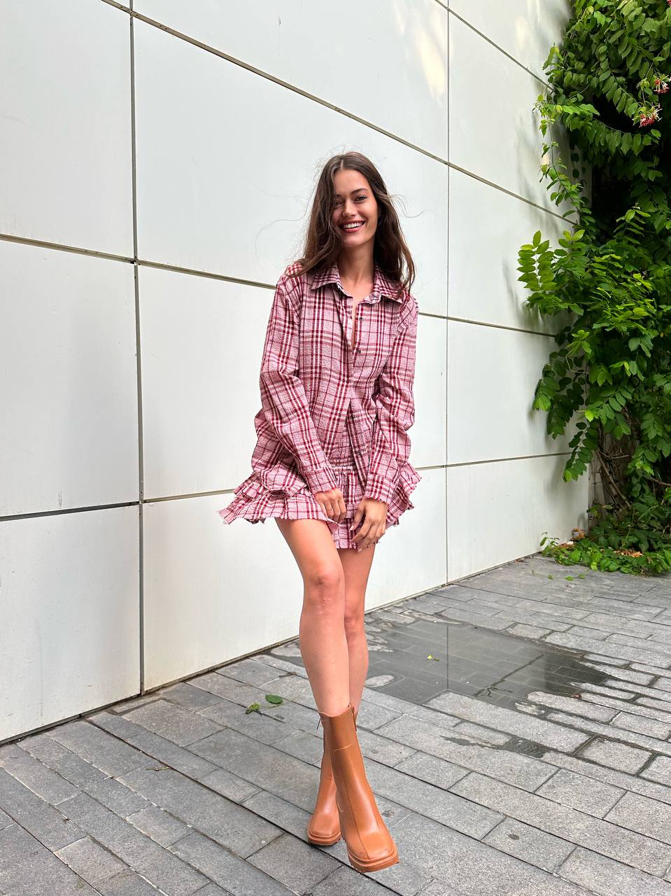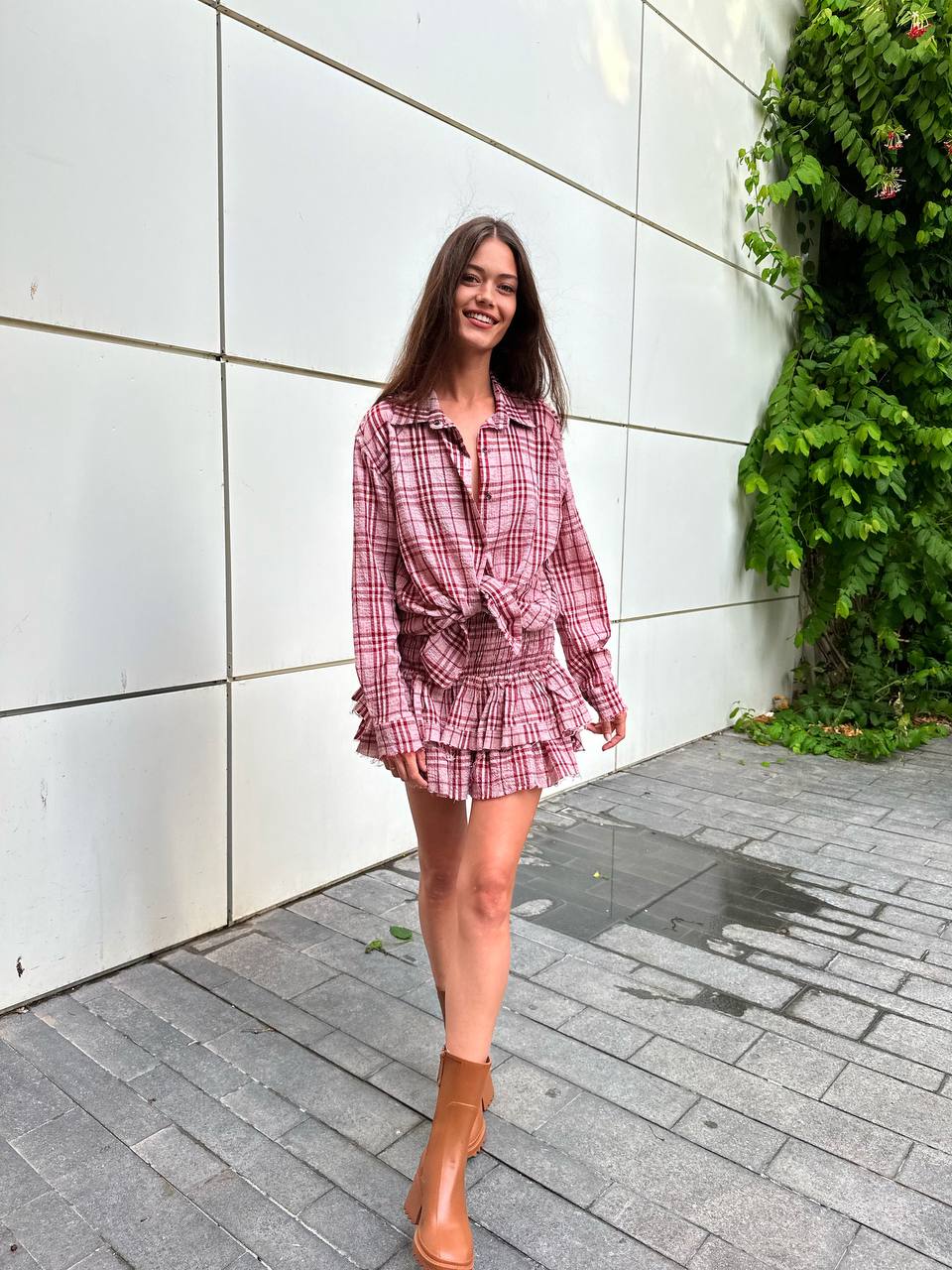 PLAID SKIRT WINE
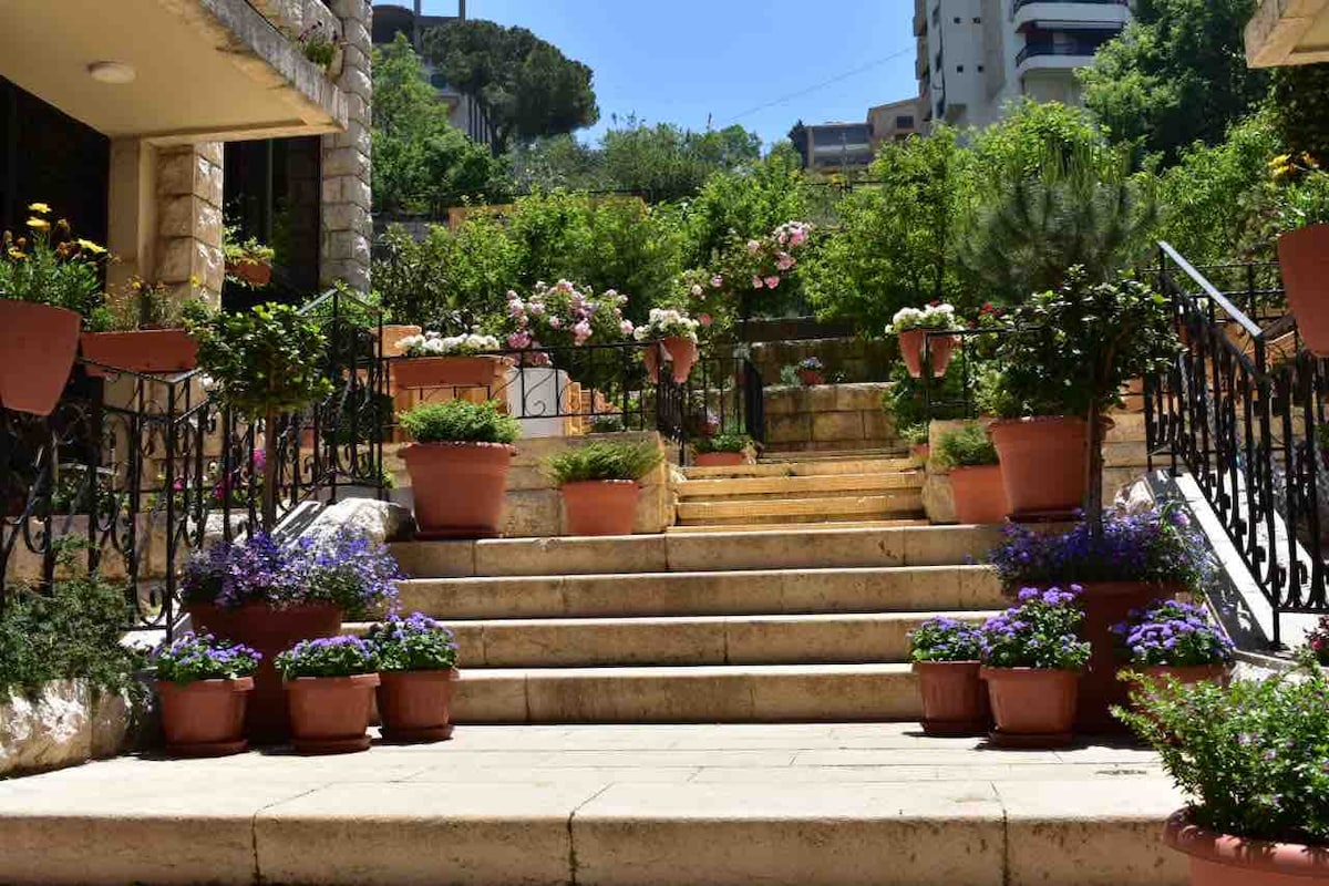 A unique 5 star 3 bedroom luxury apartment; 24/7 Electricity , Central Heating and Air conditioning , WiFi and Concierge Service Relax with the whole family at this Modern luxury peaceful place in the center of Brummana with unparalleled views overlooking the Mediterranean Sea, the valley, Beirut and the Mountains. 5 minutes walking from restaurants and nightlife.
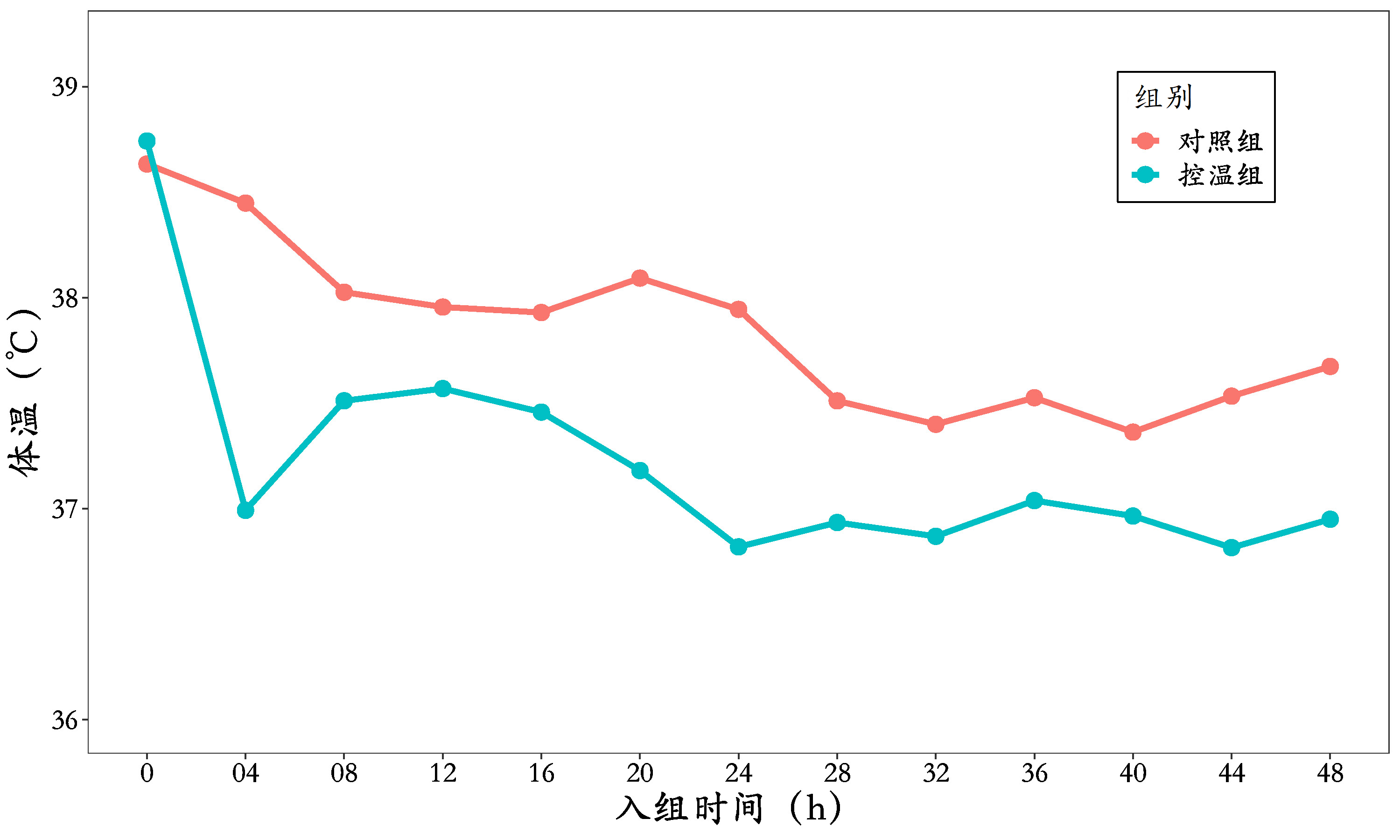 | 图 2 两组患者入组48 h体温变化 Fig 2 Temperature changes of patients in both groups within 48 h after enrollment |
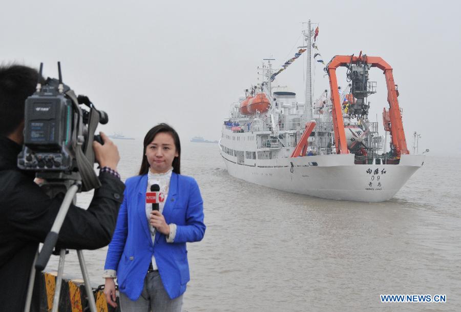 A journalist reports as China's manned submersible Jiaolong with its carrier, Xiangyanghong 09, sets sail from Jiangyin City, east China's Jiangsu Province, Nov. 25, 2014. Jiaolong started a scientific research voyage to the southwest Indian Ocean on Tuesday. (Xinhua/Zhang Xudong)
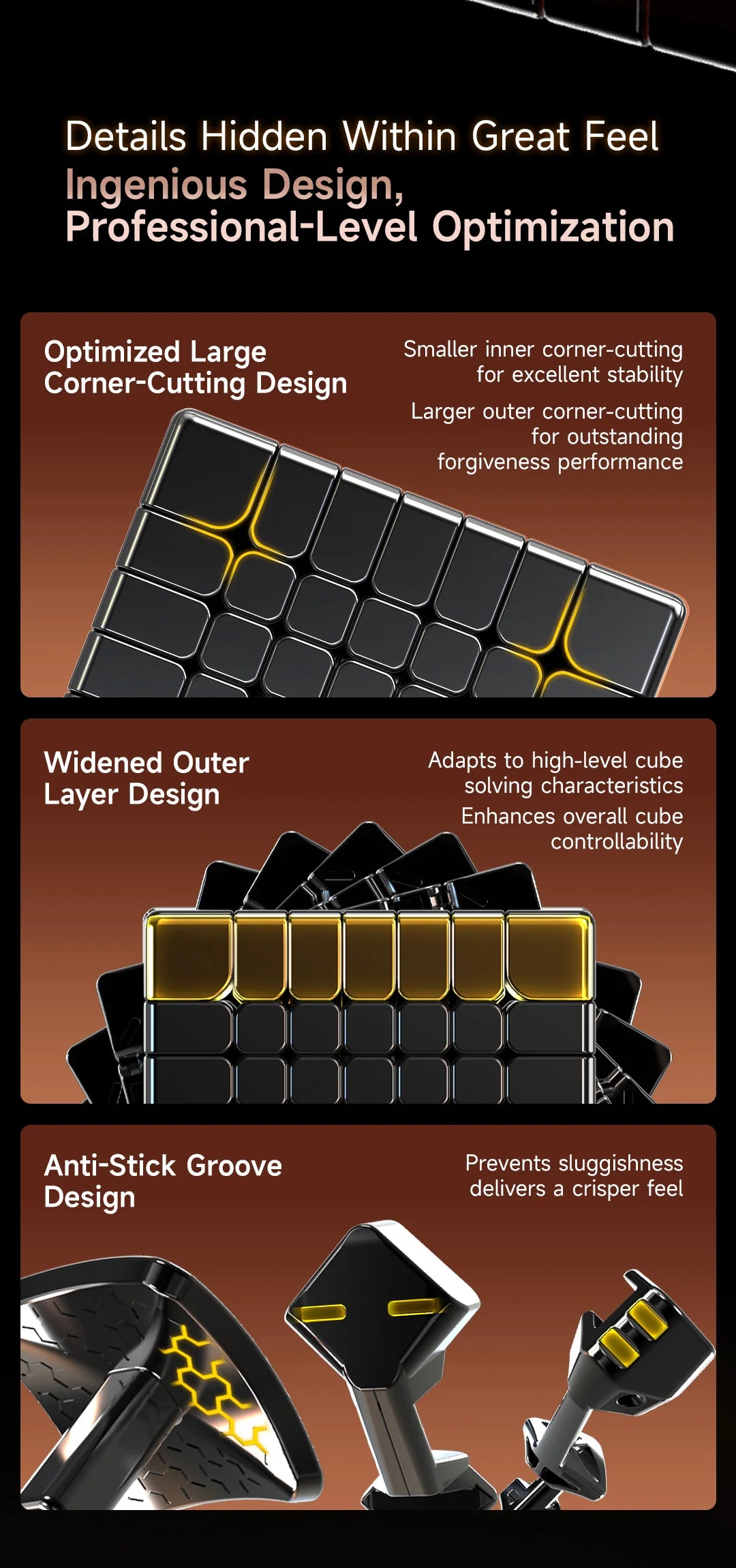 Inside, you'll discover a set of carefully placed magnets that offer enhanced stability and a smoother, more tactile solving experience. Every turn clicks satisfyingly into place, helping you maintain full control—especially useful for solvers just getting comfortable with larger cubes.
------------------------------
Give back exactly the lines from the first line of the data through the line with "after enrollment |", pictures excluded.

### Expected answer
 PLAID SKIRT WINE
 A unique 5 star 3 bedroom luxury apartment; 24/7 Electricity , Central Heating and Air conditioning , WiFi and Concierge Service Relax with the whole family at this Modern luxury peaceful place in the center of Brummana with unparalleled views overlooking the Mediterranean Sea, the valley, Beirut and the Mountains. 5 minutes walking from restaurants and nightlife.
 | 图 2 两组患者入组48 h体温变化 Fig 2 Temperature changes of patients in both groups within 48 h after enrollment |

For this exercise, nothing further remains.